I can confirm reproducing the problem using the link in Comment #22. It happens even with both monitors at 16 bit.
Happens to me too. Standard browsing seems to make it trigger after a while (usually within tens of minutes) but hitting something made with gmaps or openlayers makes it trigger a lot faster. Examples: http://maps.google.com http://sigma.openplans.org/
I can replicate the problems reported by other posters: Firefox 3.0.1, Windows XP Professional patched and up to date, Dual-Monitor setup running on an nVidia Geforce 6600 running latest drivers. I have several plugins, but disabling them does not stop a recurrence of the issue. Firefox always functions as expected after a reboot, but within 10-20 minutes of use, it will stop redrawing properly. I associate the problem with viewing complex or graphic-intensive pages. Redrawing issues apply to both the browser's content and its controls. It means that effectively I am limited to a horizontal resolution of 800 pixels for Firefox, since otherwise it has to be 'tricked' to display the whole page (eg scrolling it off the display and back again, or selecting the content with the mouse) It seems to be a v3+ problem, since I ran the same setup with v2 without any issues for ages. It has reduced the utility of Firefox by an order of magnitude for me. I'm sorry that I don't have the skills or knowledge to fix this problem myself, but am happy to provide any information or assistance required to anybody who can help!
would someone please change the status to CONFIRMED? many test cases have been posted.

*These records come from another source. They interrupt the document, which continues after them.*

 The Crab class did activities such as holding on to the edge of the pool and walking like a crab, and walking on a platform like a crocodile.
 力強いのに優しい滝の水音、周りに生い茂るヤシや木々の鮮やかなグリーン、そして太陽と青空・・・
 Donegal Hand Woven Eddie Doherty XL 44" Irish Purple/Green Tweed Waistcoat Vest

I also have this issue on dual monitor set up nVideo 9600GT. It seems to be related to dual monitors definitely. nVidia driver version 175.16 I can reliably reproduce this issue on my system by running Sun's NetBeans 6.1 IDE after running Firefox 3 for a few minutes. Once NetBeans is running the corruption occurs. It happens frequently after running Direct-X based games also. Doing a full reboot will fix the problem for a while but it eventually comes back. Please CONFIRM this bug. After years of using Firefox I'm considering switching browser until this is fixed.
I sympathize with comment #27, I've actually switched back to FF2 for the moment.

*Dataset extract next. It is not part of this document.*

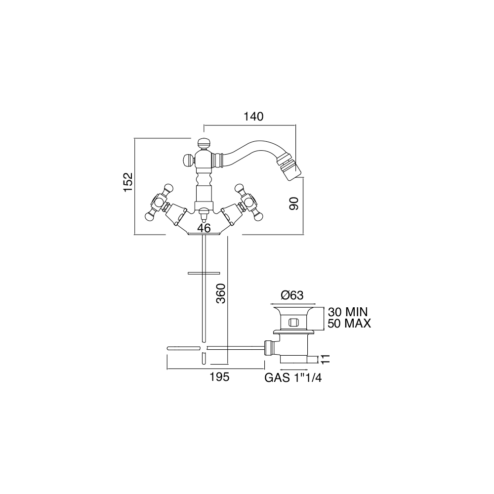 Einloch-Bidet-Mischbatterie mit Ablauf, aus Messing.

Hi Andrea, that's odd, but I more and more begin thinking of it, too. Does it help, actually?! CONFIRMING this bug would be a hell of niceness!
Flags: blocking1.9.0.3?
Flags: blocking1.9.0.2?
Flags: blocking1.8.1.17?
Flags: blocking-firefox3.1?
We need confirmation from a developer or QA before we can block on this. Marcia, can you take a look at this?
Flags: blocking1.9.0.3?
Flags: blocking1.9.0.2?
Flags: blocking1.8.1.17?
Flags: blocking-firefox3.1?
Keywords: qawanted
Whiteboard: need confirmation
Running Mozilla/5.0 (Windows; U; Windows NT 5.1; en-US; rv:1.9.0.1) Gecko/2008070208 Firefox/3.0.1, I am not able to see this issue as of yet. I visited the various sites referenced in the bug and waited some time, and yet I don't see the repainting issue that is posted in the screenshots. I am running XP on an IBM Laptop with ATI Mobility Radeon 7500 and my flash version is Shockwave Flash 10.0 b218.
There are lots of reports of this bug (or something closely related) here: http://support.mozilla.com/tiki-view_forum_thread.php?locale=nl&forumId=1&comments_threshold=0&comments_parentId=94940&comments_offset=0&comments_per_page=20&thread_style=commentStyle_plain I'm also experiencing a similar problem. Looking through the reports here and in support.mozilla.com (above link) there seems to be nothing obviously common except FF3.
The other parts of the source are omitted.